What happens here? – First, time series are passed to each "data source" node (1). These nodes do not do anything with their time series, but pass it further.
This was done in order to be able to connect new data sources to the pipeline. It also helps to understand which time series are transformed in the pipelines (note the names after the slash, they show the labels of the time series, so we can identify them). Thus, it can be clear that a lagged transformation was applied to the time series named 0 and a copy of it was transferred to the GLM model (2). GLM is a generalized linear model that can work directly with the time series and does not require lagged transformation. Then the output from the lagged transformation is passed to the ridge regression model (3).
Then predictions for each time series from two models (GLM and ridge) are transferred to the ridge regression model (4), and the final model in this case is ridge regression too. Don’t worry about the large number of ridge regression models – this is just an initial assumption, further evolution will select more optimal models in the nodes.
Then, based on this initial assumption, an initial population of pipelines for the evolutionary algorithm is generated via the use of mutations. In the process of optimizing the structure of AutoML pipelines, the algorithm can change operations (models) in nodes, remove nodes and edges, add new ones, and tune the hyperparameters of operations.
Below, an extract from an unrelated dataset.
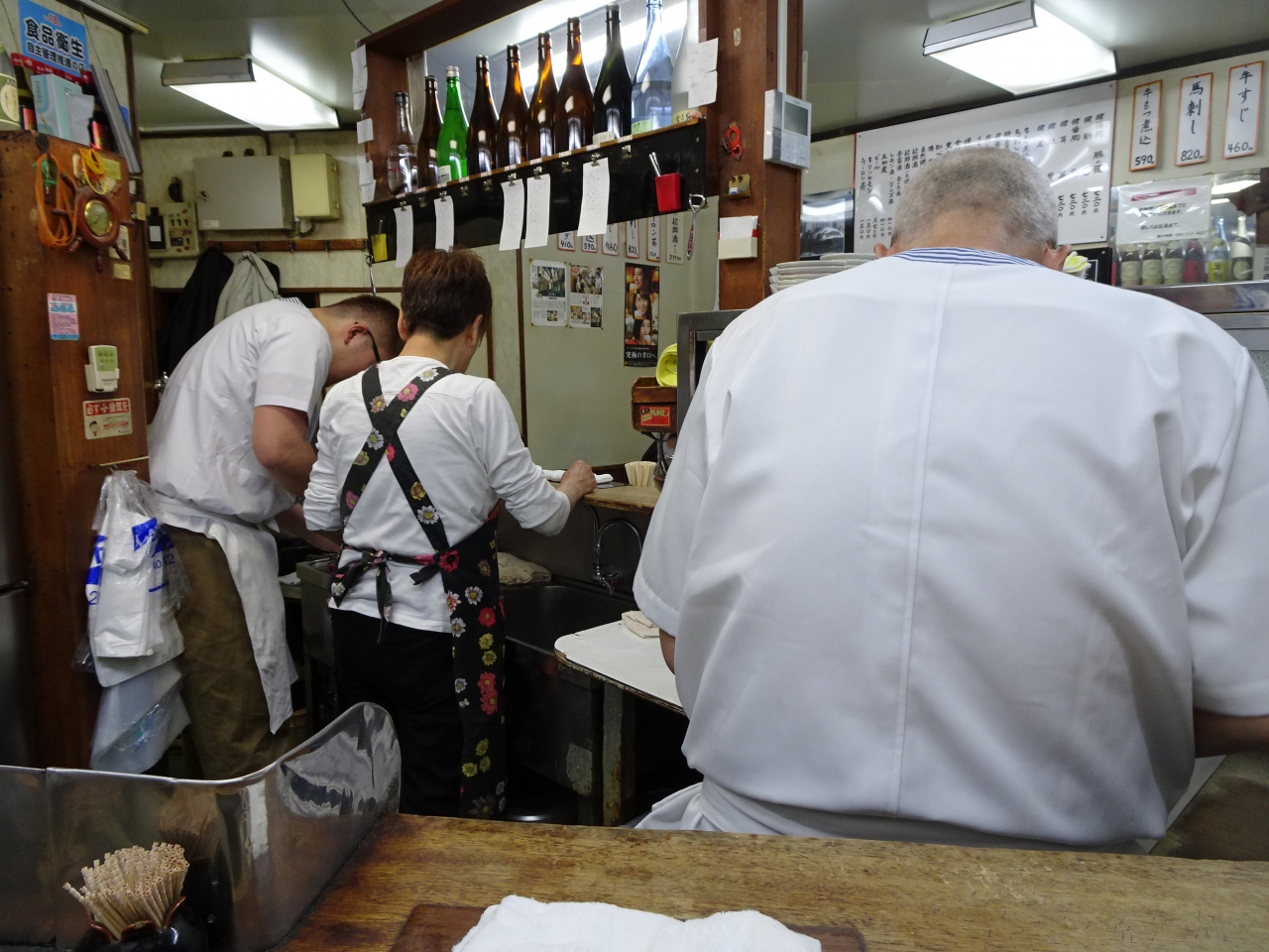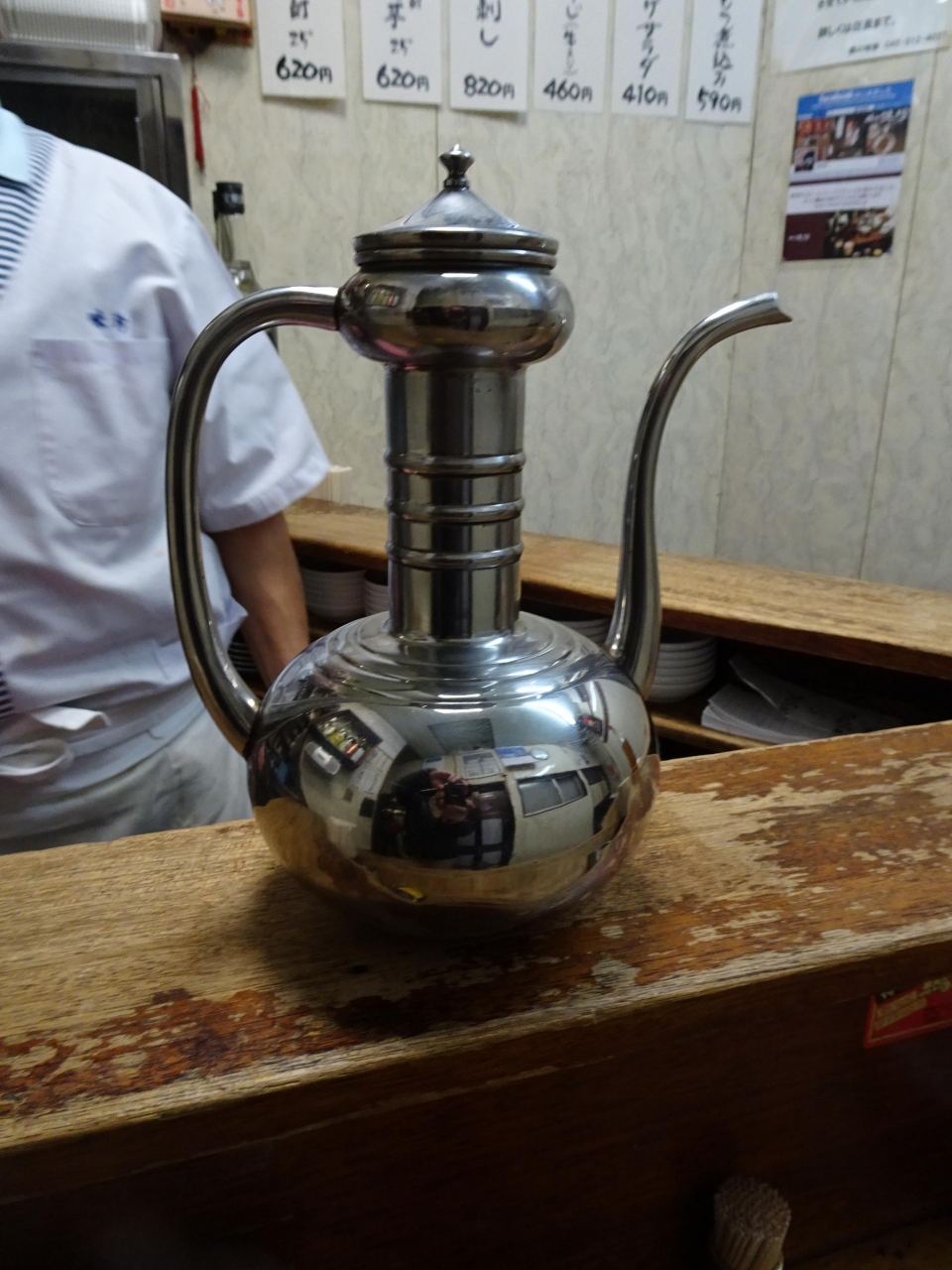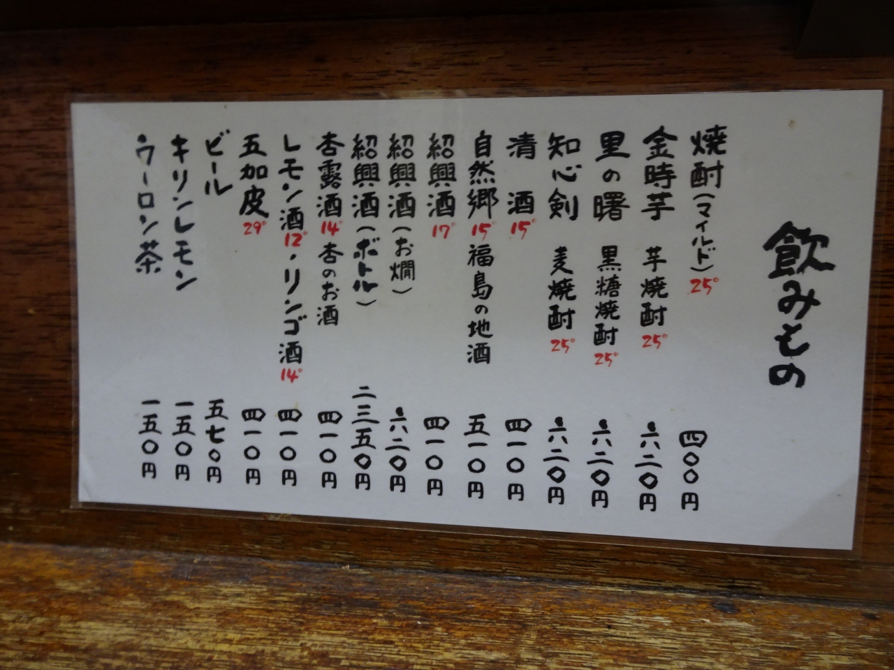 横浜駅西口から近くの狸小路にあります。1階と2階がありますが、2階がメインです。急な階段を上って(「登って」が正しいでしょうか。)2階にいくと厨房を囲むカウンター席とわずかなテーブル席があります。メニューは、豚のモツ(足、耳、尻尾、頭、舌、胃等)があり、腐乳、ラッパ菜等もあります。飲み物はビールやサワー類もありますが、独特な形状の「やかん」と呼ばれる入れ物に入った25度の焼酎を飲んでいる人が多いです。

It means that it becomes possible to obtain the following structures (Figure 10).
As can be seen from Figure 10, if necessary, we can remove nodes and entire branches. Thus, we can get rid of time series that are not related to the target.
During graph optimization, we can tune the moving window size for each of the series separately (regulated by the hyperparameter window size in the lagged transformation). It solves the problem of the presence of unrepresentative exogenous predictor series in the model.
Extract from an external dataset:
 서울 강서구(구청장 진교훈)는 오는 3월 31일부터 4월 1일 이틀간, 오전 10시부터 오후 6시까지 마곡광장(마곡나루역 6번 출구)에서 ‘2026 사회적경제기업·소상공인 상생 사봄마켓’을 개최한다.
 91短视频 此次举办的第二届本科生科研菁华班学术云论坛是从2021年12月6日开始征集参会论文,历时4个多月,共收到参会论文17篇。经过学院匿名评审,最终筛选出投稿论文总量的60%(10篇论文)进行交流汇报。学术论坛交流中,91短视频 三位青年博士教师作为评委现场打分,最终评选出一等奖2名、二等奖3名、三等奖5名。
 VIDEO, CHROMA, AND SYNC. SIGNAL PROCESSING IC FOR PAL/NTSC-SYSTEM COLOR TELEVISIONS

What’s all this "agony" for?
Obviously, to reduce forecasting error 🙂 But let’s be serious, the question is really good – it is time to check whether the implemented approach gives at least some advantages. To make sure that the use of exogenous time series really affects the error of the final forecast, let’s conduct an experiment.
We will predict the time series using the initial assumption automatically generated by the algorithm. In this case, we will use the historical values of the target time series as predictors, and then we will iteratively expand the number of additional time series. For the last 50 elements of the target time series, we will compare predicted and actual values. Metric: mean absolute error (MAE). The results of this test are shown in the animation below:
Figure 11 shows the dependence of the error on the validation sample from the number of series.
As can be seen from the figure, the number of time series included in the model affects the error value. NB: In this experiment we did not tune the hyperparameters of the pipelines and we did not modify the initial structure using the evolutionary algorithm. When a model uses numerous time series, there are more opportunities to improve the model compared to a simple model. Therefore, potentially, the advantage of the more complex model may increase after the hyperparameter tuning and other optimization procedures.
Conclusion
In this post, we considered what approaches there are to predicting Multivariate Time Series. We discussed how you can predict such a series with AutoML. And then we looked in detail at how everything is designed in the AutoML tool FEDOT for multivariate TS forecasting.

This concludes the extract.